Pennsylvania Germans - A Brief Historical Overview
To understand the Pennsylvanian German of this time period you need to keep in mind the following:
German immigrants began arriving in the American Colonies in the late 1660s when William Penn encouraged large numbers of German Protestants to immigrate to his colony of Pennsylvania. Here they found religious freedom and plentiful farmland, conditions that led them to quickly settle much of southeastern Pennsylvania. By 1789 one third of all Pennsylvanians were of German descent.
They were predominately farmers and tended to settle in groups which eventually grew large enough to support towns. They were hard working and tended to be successful in both farming and in any of the town professions (inn keeper, doctor, carpenter, joiner, etc.) they chose to follow.
The majority were Protestants belonging to the Lutheran, Reformed or Mennonite faiths, although a number of other sects also flourished such as the Moravians, Schwenkfelders, Dunkers and others. Some groups such as the Mennonites and Dunkers were part of the Anabaptist movement.

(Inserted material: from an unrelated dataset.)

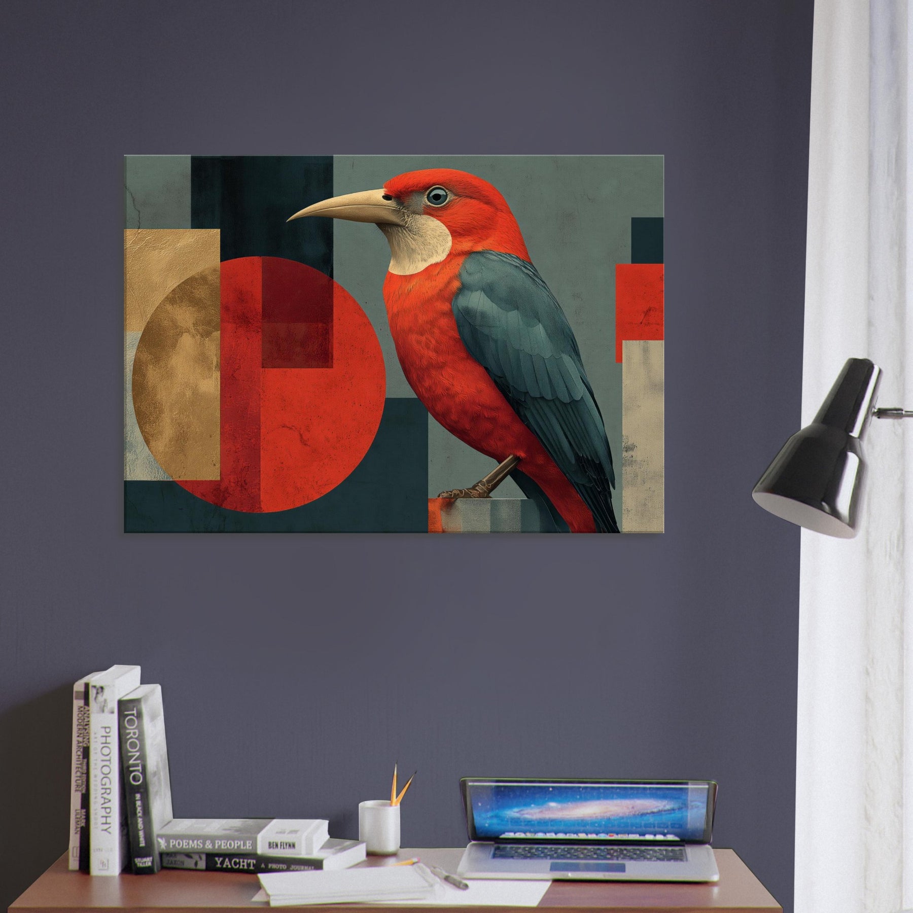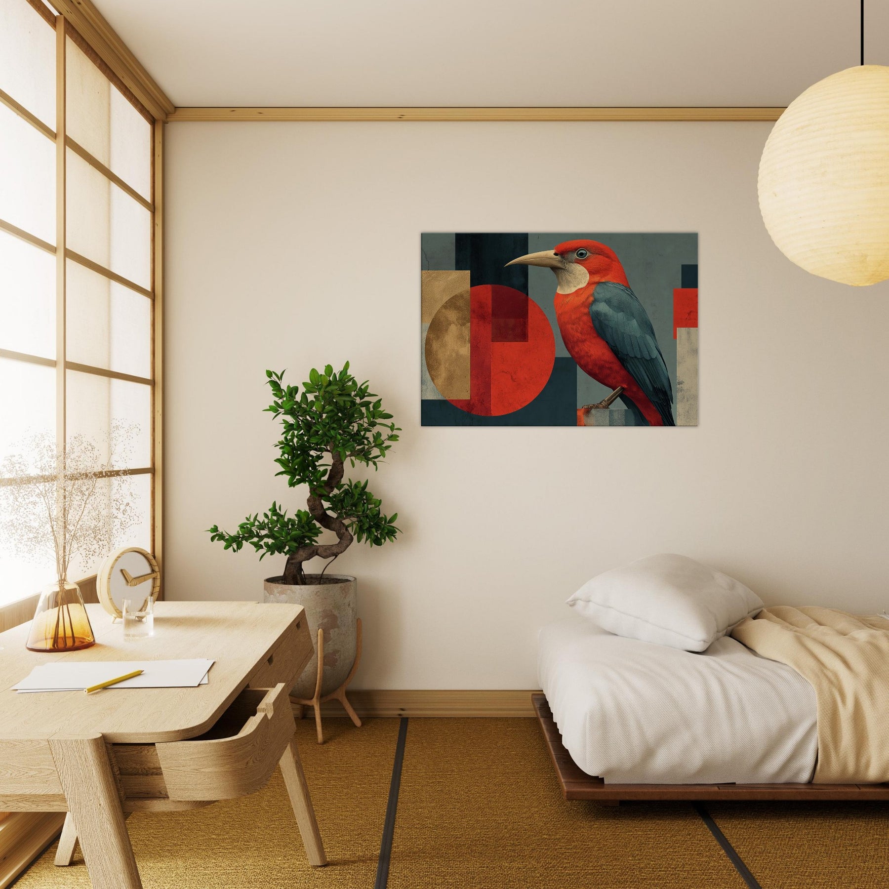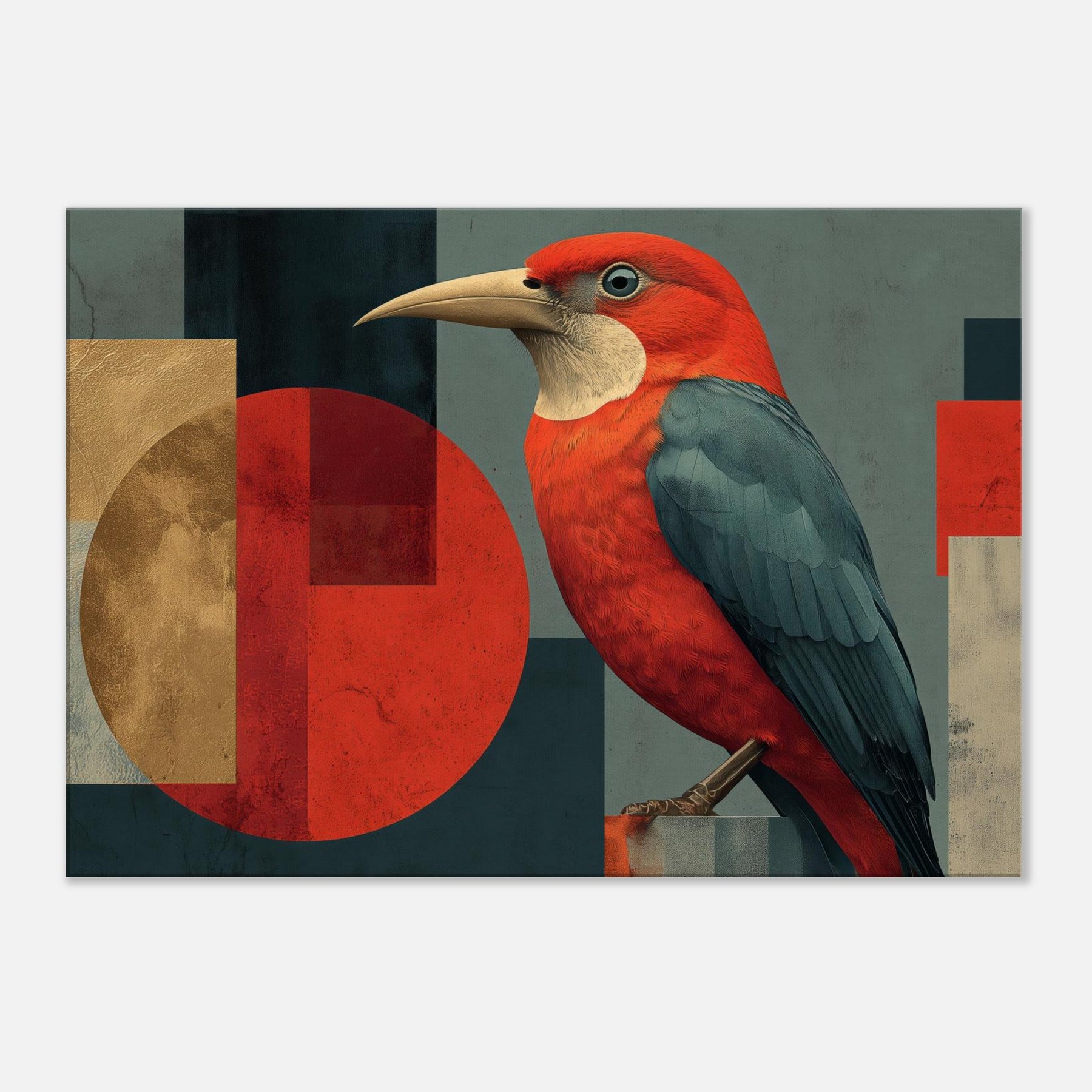 Vermilion Bird of the South Reborn from Sacred Fire soars across an engineered horizon, a radiant emblem of renewal. The abstract composition blends sun warmed reds with midnight teal and softened gold, wrapping your space in a primal, mythic glow. The bird's lush plumage appears to ripple with heat, inviting quiet focus in a living room or study. Hang it where daylight can kiss the surface, and let the room breathe with legend, courage, and a warm, transformative energy.

Religious milestones such as confirmation, baptism, communion, marriage, christening and burial rites were an important part of their lives. These religous acts affirmed their belief in Christianity and it's messages of forgiveness of sins and eternal life after death. Most, whether strongly religious or not, followed these rites whose participants were recorded in the church records of their various congregations.
The churches they built and attended provided not only a place to perform, and a pastor to provide, religious rites, but in many cases also provided the schoolmaster for the education of their children. The ability to read the Bible was one of the basic tenets of their beliefs.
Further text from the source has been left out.